(Data under study)

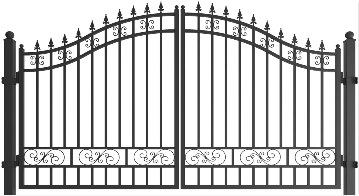
Figure 1.1: Simpol Home Dual Swing Driveway Gates (Black, 12 x 7 Feet).
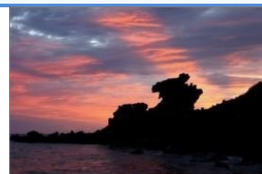
Dragon head rock
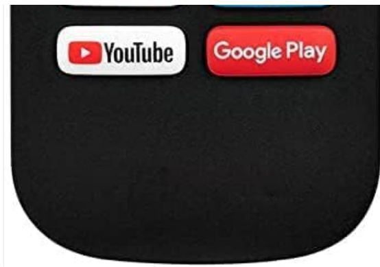
Image 2: Front view of the USARMT Universal Remote Control, highlighting the button layout. Key buttons include Power (red), Input, Number Pad (0-9), Navigation (Up, Down, Left, Right, OK), Volume Up/Down, Channel Up/Down, and quick access buttons for Netflix, Prime Video, YouTube, and Google Play.
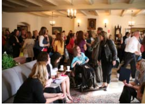
Attendees enjoy conversation and breakfast
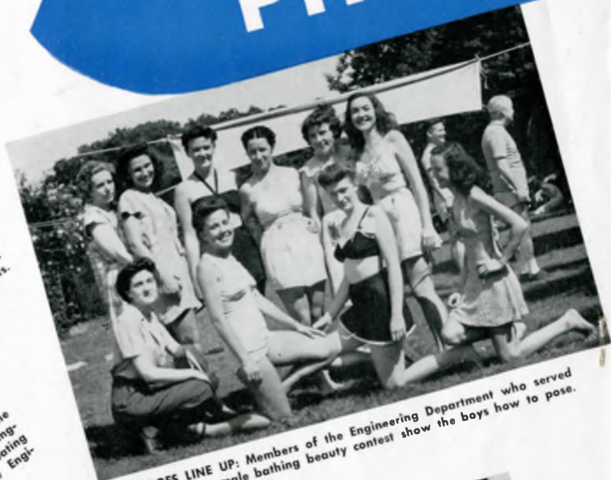
THE JUDGES LINE UP: Members of the Engineering Department who served as judges for the male bathing beauty contest show the boys how to pose.
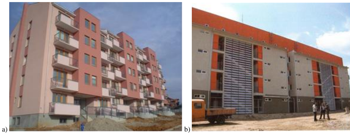
Fig. 2: SIRP programme – Social housing in a) Nis built in 2007 and b) Kragujevac built in 2007.

Although social housing buildings were built at urbanistically and morphologically different sites (Fig. 1, Fig 2, Fig. 3 and Fig. 4), thus unique and recognizable, there are some common characteristics of these sites and buildings, such as:
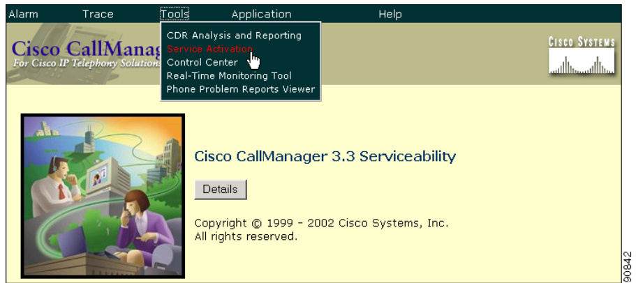
Figure 2-1 Cisco CallManager Serviceability Window Tools Menu

Step 3 From the Servers column, choose the server.
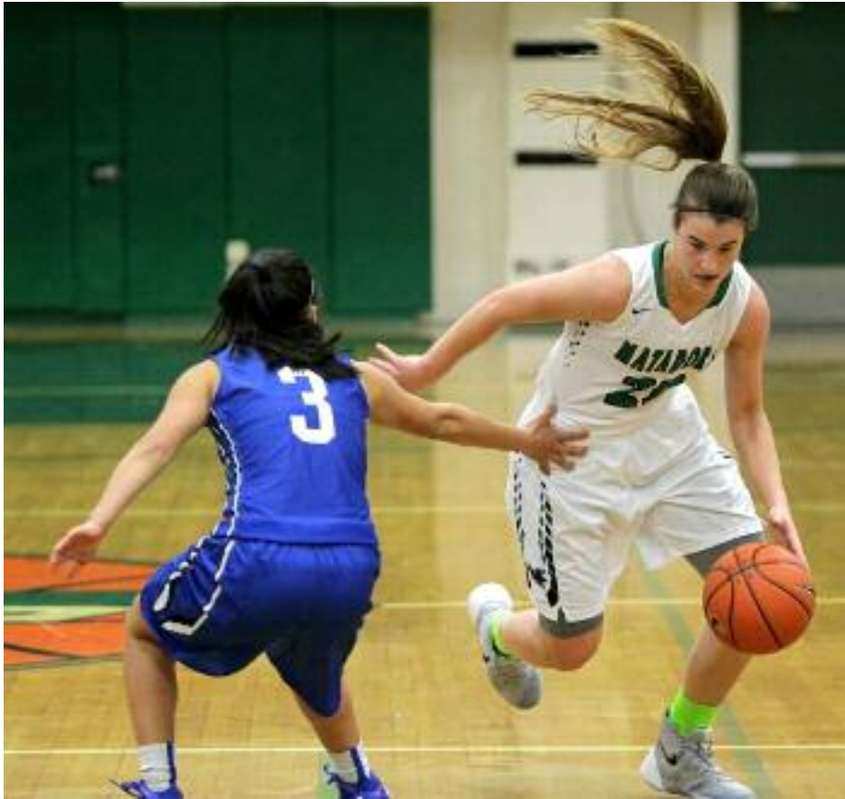
Sabrina Ionescu (20) scored 39 points with 10 steals and 8 assists against the Dons.

(End Data under study)

Exercise requirements: Give only a number, the count of lines above that include the string "built".

Expected answer: 2